Orange Essential Oil: In studies testing the antibacterial and antifungal properties of essential oils, orange is consistently top of the class. The aroma is hard to beat, and it’s perfect for general purpose sprays when inhibiting the growth of microbes is the goal, like this DIY sports gear spray.

Clove Essential Oil: High in eugenol, clove’s antibacterial properties are so strong that it has been used in dentistry for over two centuries. It’s warm, spicy scent—so often associated with the holidays—makes it an especially fun choice for treating snow sports gear.

Peppermint Essential Oil: Antibacterial and antifungal, peppermint is an effective antiseptic cleaning agent. It’s also a natural bug repellent, so it’s especially suited for storage situations where spiders and other pests may be a concern. 

Unlike other sanitizers, bacterial tolerance to essential oils is not developed over time, so these solutions will always be germ-busting, without compromise.

Long-Term Storage

For seasonal sports, that time of year when equipment needs to be put away for months at a time always inevitably arrives. This is a great opportunity to give items one last deep clean and double-check for any damage or repairs needed, before storing, so that next year it can all be pulled back out, as good as new. Ensure that items are completely and totally dry before putting them away, and try to avoid spots in the home that are prone to excessive heat or cold.

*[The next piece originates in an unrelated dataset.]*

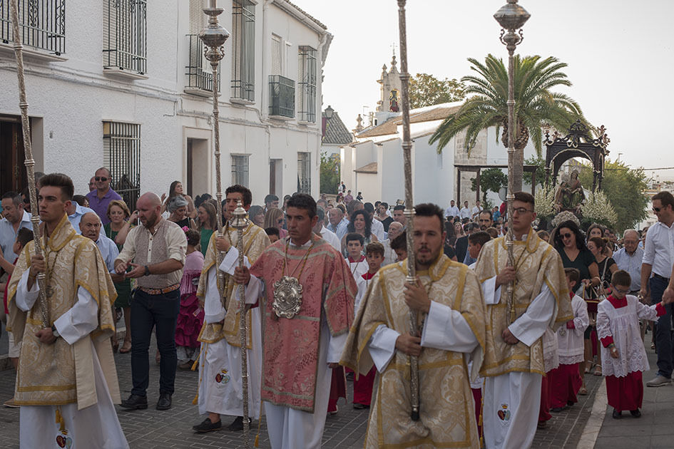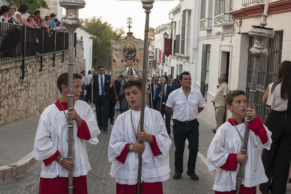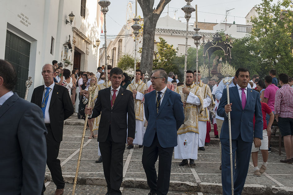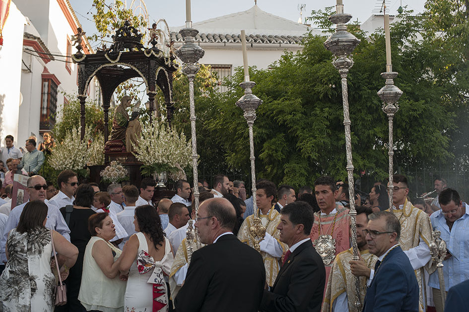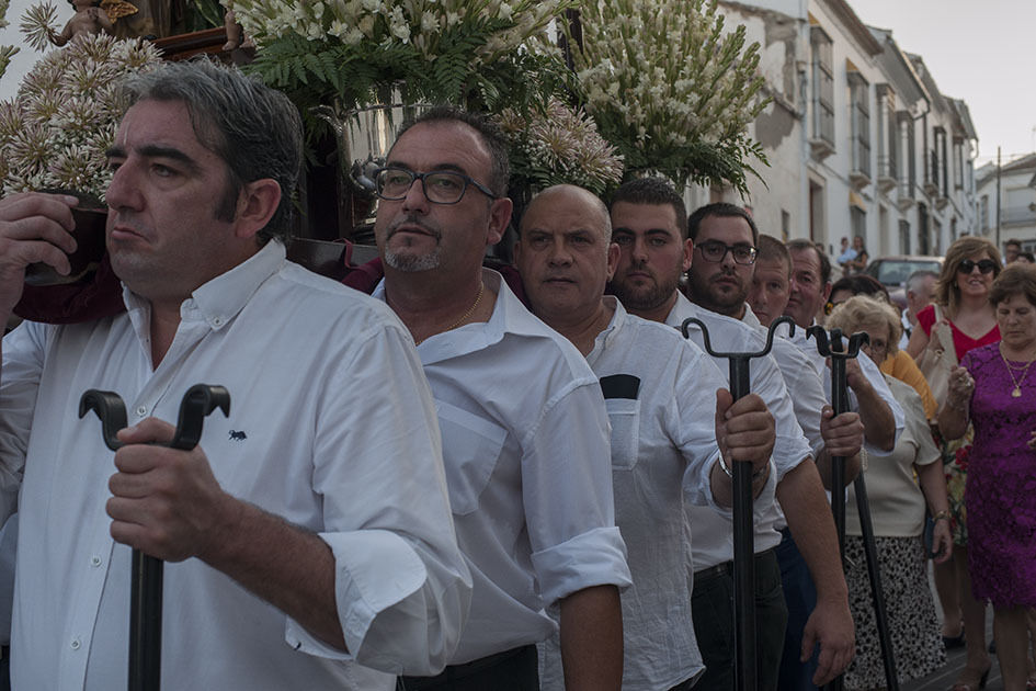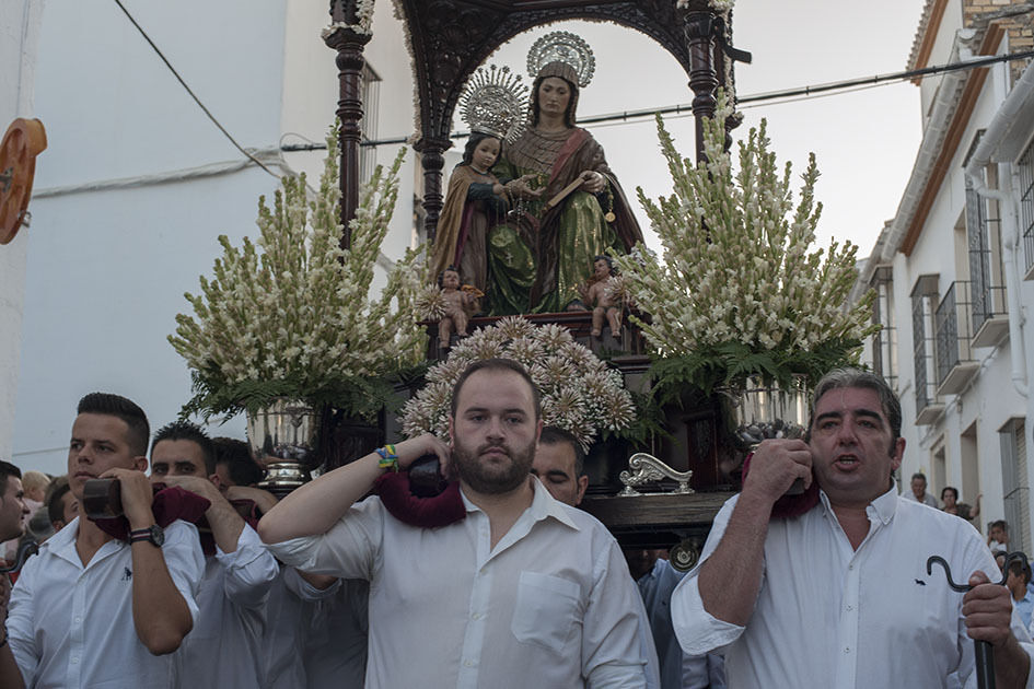 La Hermandad de Santa Ana celebra hoy su día grande y a estas horas pasea por las calles de Estepa la imagen de la madre de la Virgen. La Señora Santa Ana inunda de olor a jazmín las calles por donde pasa. Tras su recorrido por el barrio Santanero se encamina ahora hacia los otros barrios de Estepa que la esperan con flores y con el calor, ya habitual de estas tardes de verano. El alcalde de la ciudad ha acompañado a la directiva de la Hermandad en su recorrido procesional.
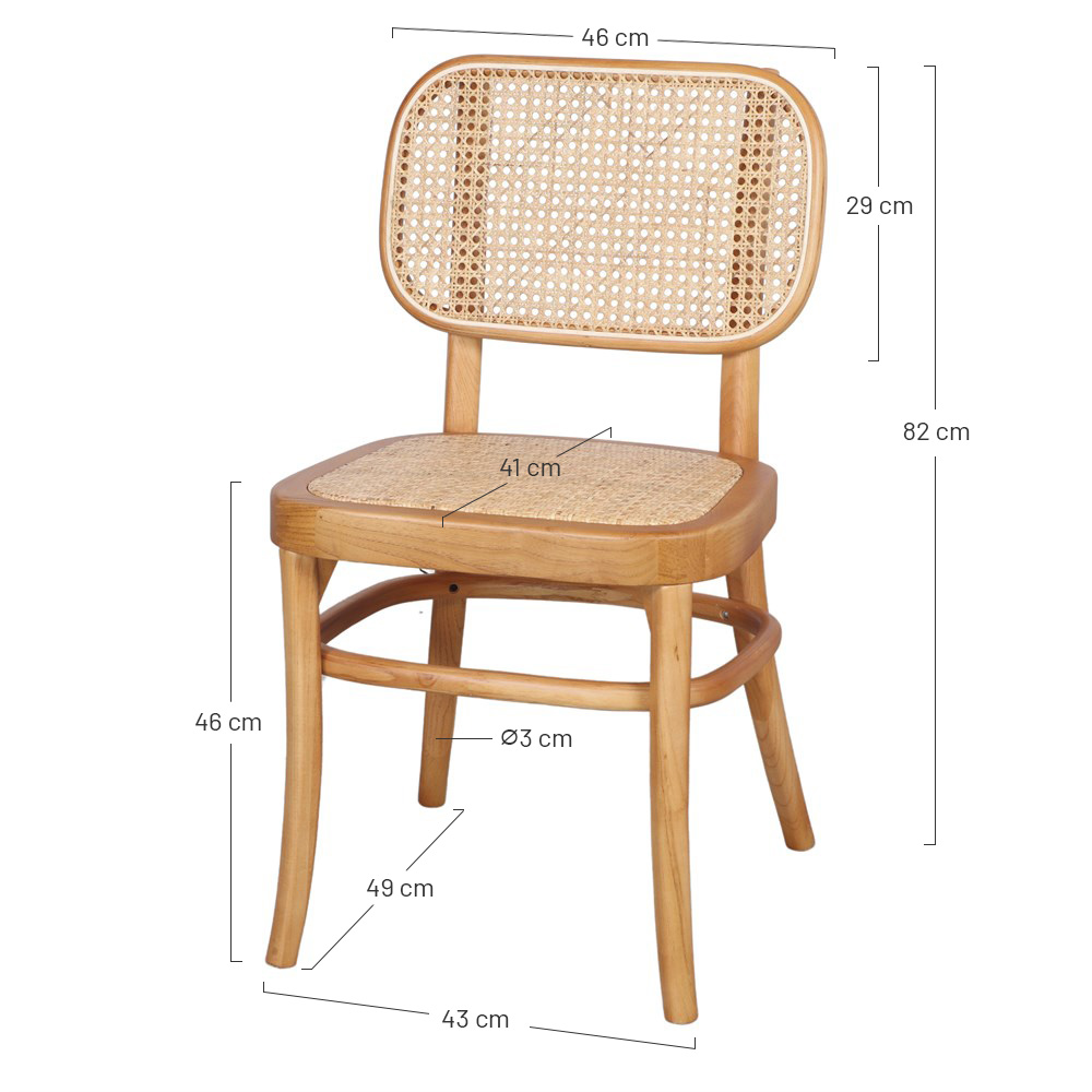 Les fibres naturelles sont à la mode, et maintenant plus que jamais, la durabilité est un critère important, et les meubles en bois et fibres naturelles s’y conforment parfaitement. La chaise en bois BIANCA est en bois et rotin naturel, son dossier est tressé façon cannage et l’assise est en résille. Une assise très confortable, au style vintage, qui nous transporte dans une époque révolue. Si vous aimez cette chaise en bois, combinez-la avec nos lampes en fibres naturelles ou nos tables en bois et créez une oasis de matériaux naturels.

To keep spiders and mice at bay during the offseason, feel free to add a few drops of peppermint oil to cotton balls and place them in bags or gear before storage.

Fresh Gear for Every Season!

With these tips, tricks, and DIY recipes in mind—you are on your way to enjoying fresh and clean gear every time you’re ready to strap up and have some fun. Not only will your precious (and probably expensive) equipment be sanitized for use and smell better, it will last longer too.